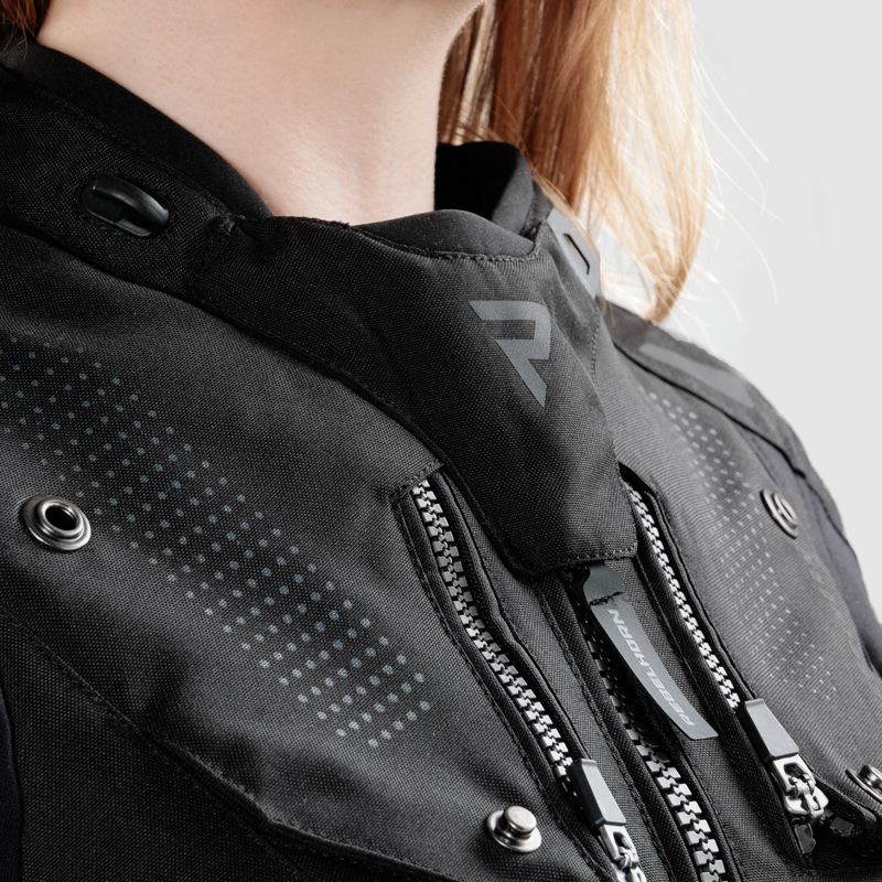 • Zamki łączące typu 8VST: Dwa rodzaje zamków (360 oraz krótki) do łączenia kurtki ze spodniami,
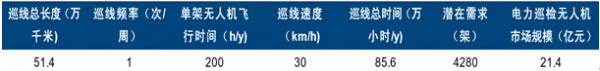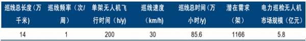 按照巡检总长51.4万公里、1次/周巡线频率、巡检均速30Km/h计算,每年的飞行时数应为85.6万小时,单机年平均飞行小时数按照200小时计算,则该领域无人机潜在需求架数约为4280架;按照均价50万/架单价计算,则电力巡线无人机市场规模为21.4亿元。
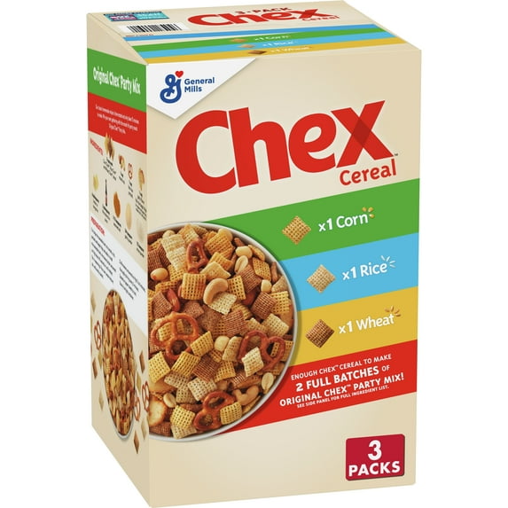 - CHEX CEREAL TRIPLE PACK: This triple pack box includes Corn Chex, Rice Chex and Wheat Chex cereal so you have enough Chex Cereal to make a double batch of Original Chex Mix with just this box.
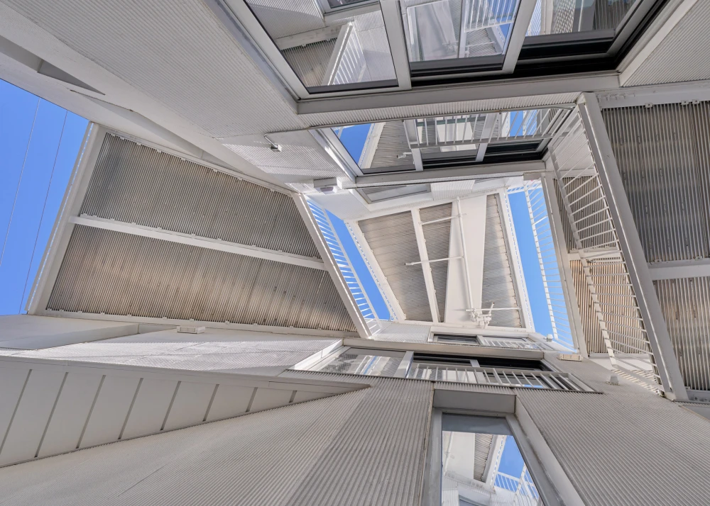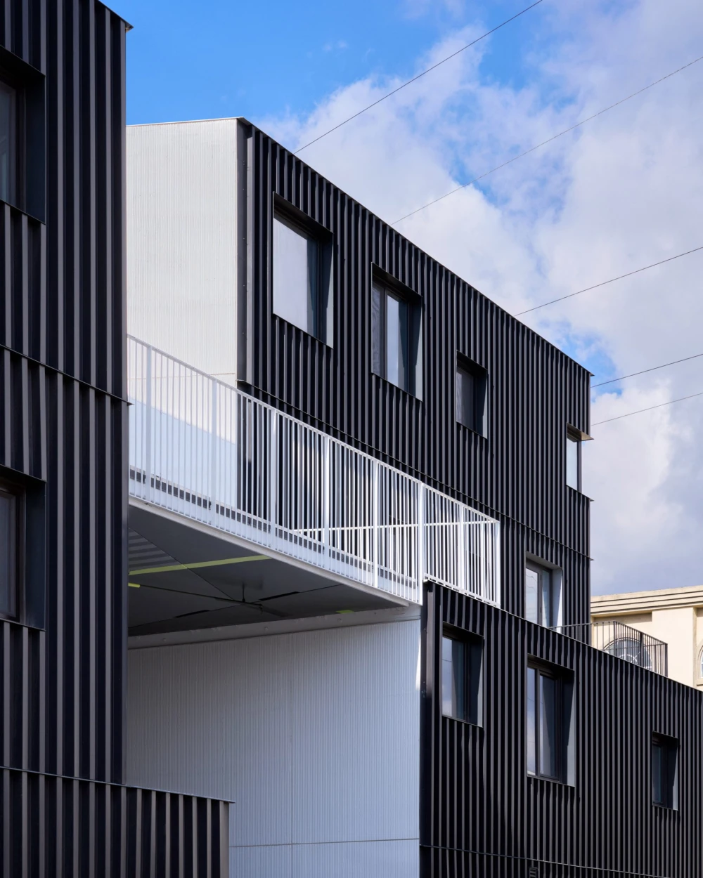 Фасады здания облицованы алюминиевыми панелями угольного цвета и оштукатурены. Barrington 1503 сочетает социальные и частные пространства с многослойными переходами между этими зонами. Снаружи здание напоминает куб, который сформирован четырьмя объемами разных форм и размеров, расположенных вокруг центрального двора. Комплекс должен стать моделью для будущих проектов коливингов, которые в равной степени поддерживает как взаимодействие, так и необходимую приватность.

▶ **REQUIRED WORK**:
Repeat the data word for word; drop the pictures.

▶ **ANSWER TO THIS TASK**:
 • Zamki łączące typu 8VST: Dwa rodzaje zamków (360 oraz krótki) do łączenia kurtki ze spodniami,
 按照巡检总长51.4万公里、1次/周巡线频率、巡检均速30Km/h计算,每年的飞行时数应为85.6万小时,单机年平均飞行小时数按照200小时计算,则该领域无人机潜在需求架数约为4280架;按照均价50万/架单价计算,则电力巡线无人机市场规模为21.4亿元。
 - CHEX CEREAL TRIPLE PACK: This triple pack box includes Corn Chex, Rice Chex and Wheat Chex cereal so you have enough Chex Cereal to make a double batch of Original Chex Mix with just this box.
 Фасады здания облицованы алюминиевыми панелями угольного цвета и оштукатурены. Barrington 1503 сочетает социальные и частные пространства с многослойными переходами между этими зонами. Снаружи здание напоминает куб, который сформирован четырьмя объемами разных форм и размеров, расположенных вокруг центрального двора. Комплекс должен стать моделью для будущих проектов коливингов, которые в равной степени поддерживает как взаимодействие, так и необходимую приватность.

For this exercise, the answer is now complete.